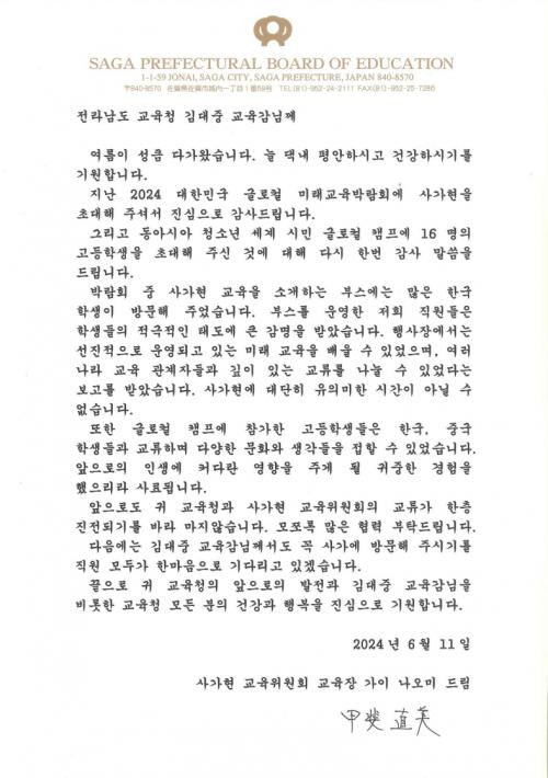 [½Åµ¿¾Æ¹æ¼Û=À̽ŵ¿±âÀÚ] Áö³­ 5¿ù ¿©¼ö¿¡¼­ ¿­¸° ¡®2024 ´ëÇѹα¹ ±Û·ÎÄà ¹Ì·¡±³À° ¹Ú¶÷ȸ¡¯¿¡ Âü¿©Çß´ø Áß±¹ »ê½Ã¼º(ߣà¤àý) ±³À°Ã»°ú ÀϺ» »ç°¡Çö(ñ¥ùÅ県) ±³À°À§¿øÈ¸°¡ ÃÖ±Ù Àü¶ó³²µµ±³À°Ã»¿¡ °¨»çÀÇ ÆíÁö¸¦ º¸³»¿Ô´Ù. Áß±¹ »ê½Ã¼º ±³À°Ã»Àº ¾ç±º(杨¡¦
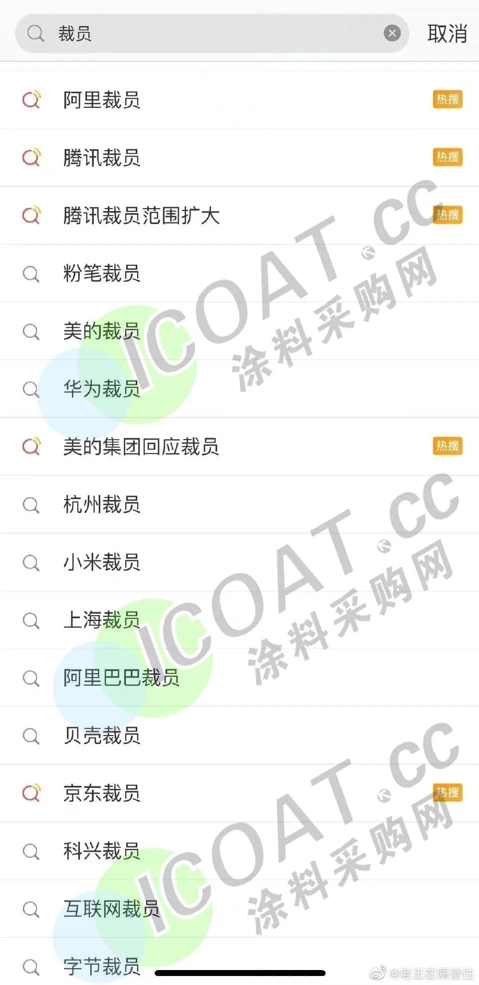據(jù)涂料采購網(wǎng)不完全統(tǒng)計,目前已有十幾家大廠被傳大幅裁員消息,覆蓋了互聯(lián)網(wǎng)、電器、培訓、汽車、房地產(chǎn)等多個行業(yè),部分官方的回應有些否認了比例,但對于裁撤的行為并沒有進行否認。此外,滴滴也面臨部門裁撤,包括橙心優(yōu)選、滴滴貨運等;快手也進行了業(yè)務優(yōu)化,覆蓋電商、算法、國際化、商業(yè)化、游戲、A站等多個業(yè)務部門。美團優(yōu)選、叮咚買菜、每日優(yōu)鮮等平臺均有不同程度的人員“優(yōu)化”,可謂是數(shù)不勝數(shù)。
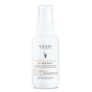 Potwierdzona klinicznie skuteczność korygująca oznaki fotostarzenia, w tym przebarwienia i brak jędrności. Jego formuła zapewnia lekkie krycie, ujednolicając i poprawiając koloryt skóry. Zawiera 4% peptydów, działających przeciwzmarszczkowo, 2% niacynamidu, aby zapobiegać przebarwieniom, frakcje probiotyczne oraz wodę wulkaniczną Vichy, bogatą w 15 minerałów, aby wzmacniać barierę skórną. UV-AGE DAILY jest odpowiedni dla każdego typu skóry. Hipoalergiczny. Nie szczypie w oczy.
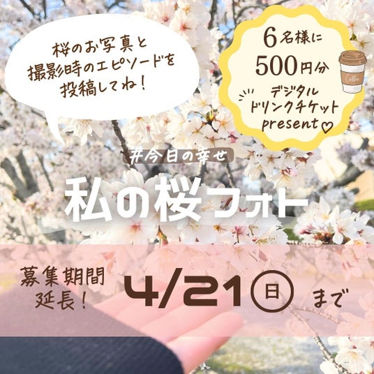投稿してくれた方の中から抽選で6名様にデジタルドリンクチケット500円分をプレゼント!今年の春を感じながら「美味しいドリンクでホッと一息」のご褒美タイムをぜひどうぞ。
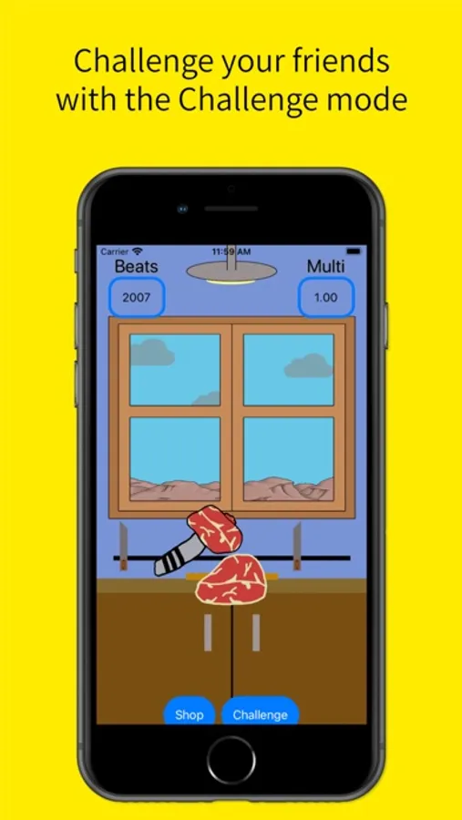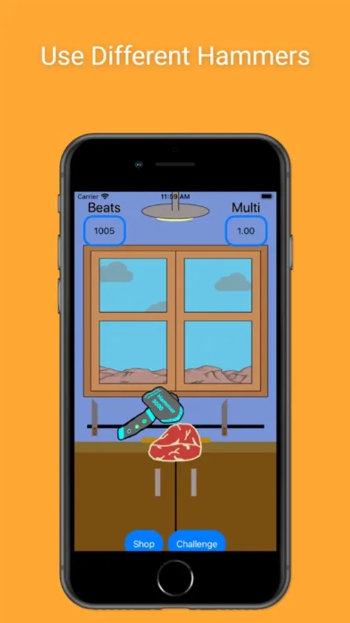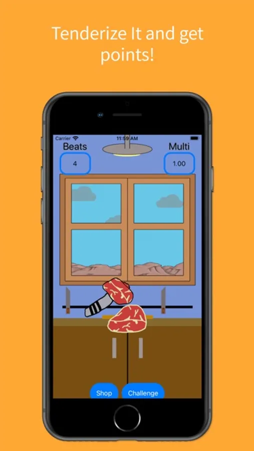 Tenderize It is a game where you repeatedly hit a slab of meat with a hammer. You collect points to buy more hammers and backgrounds. Some hammers do different things, while some are completely cosmetic. There is also a challenge mode where you can challenge your friends with a live leaderboard!
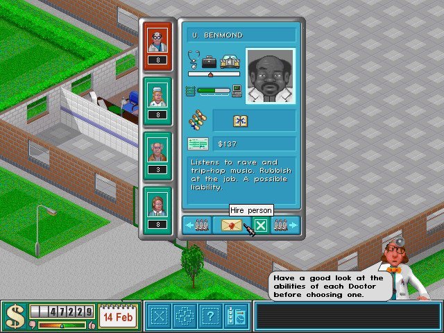 This game tries very seriously not to be taken seriously, and succeeds through the inclusion of humorous diseases and even more hilarious treatments. Take, for example, The King Complex. As tragic folks taken over by the spirit of Elvis himself (who took a hiatus from the grocery store tabloids just to grace this game), only the fine-tuned skills of a psychiatrist will meet the needs of these patients. Or Slack Tongue, caused by the excessive discussion of soap operas. Only cure? Chop the tongue off with quick, efficient, and painful ease.
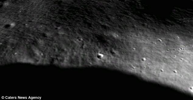 Wowforreel在月球表面发现的三角形奇异物体,坐标为北纬22042'38.46,东经142034'44.52。

____

**Try it**
Find the line that contains "據(jù)涂料采購網(wǎn". Copy it and every line after it through the end of the listing exactly, but not the pictures.

**Exercise output**
據(jù)涂料采購網(wǎng)不完全統(tǒng)計,目前已有十幾家大廠被傳大幅裁員消息,覆蓋了互聯(lián)網(wǎng)、電器、培訓、汽車、房地產(chǎn)等多個行業(yè),部分官方的回應有些否認了比例,但對于裁撤的行為并沒有進行否認。此外,滴滴也面臨部門裁撤,包括橙心優(yōu)選、滴滴貨運等;快手也進行了業(yè)務優(yōu)化,覆蓋電商、算法、國際化、商業(yè)化、游戲、A站等多個業(yè)務部門。美團優(yōu)選、叮咚買菜、每日優(yōu)鮮等平臺均有不同程度的人員“優(yōu)化”,可謂是數(shù)不勝數(shù)。
 Potwierdzona klinicznie skuteczność korygująca oznaki fotostarzenia, w tym przebarwienia i brak jędrności. Jego formuła zapewnia lekkie krycie, ujednolicając i poprawiając koloryt skóry. Zawiera 4% peptydów, działających przeciwzmarszczkowo, 2% niacynamidu, aby zapobiegać przebarwieniom, frakcje probiotyczne oraz wodę wulkaniczną Vichy, bogatą w 15 minerałów, aby wzmacniać barierę skórną. UV-AGE DAILY jest odpowiedni dla każdego typu skóry. Hipoalergiczny. Nie szczypie w oczy.
投稿してくれた方の中から抽選で6名様にデジタルドリンクチケット500円分をプレゼント!今年の春を感じながら「美味しいドリンクでホッと一息」のご褒美タイムをぜひどうぞ。
 Tenderize It is a game where you repeatedly hit a slab of meat with a hammer. You collect points to buy more hammers and backgrounds. Some hammers do different things, while some are completely cosmetic. There is also a challenge mode where you can challenge your friends with a live leaderboard!
 This game tries very seriously not to be taken seriously, and succeeds through the inclusion of humorous diseases and even more hilarious treatments. Take, for example, The King Complex. As tragic folks taken over by the spirit of Elvis himself (who took a hiatus from the grocery store tabloids just to grace this game), only the fine-tuned skills of a psychiatrist will meet the needs of these patients. Or Slack Tongue, caused by the excessive discussion of soap operas. Only cure? Chop the tongue off with quick, efficient, and painful ease.
 Wowforreel在月球表面发现的三角形奇异物体,坐标为北纬22042'38.46,东经142034'44.52。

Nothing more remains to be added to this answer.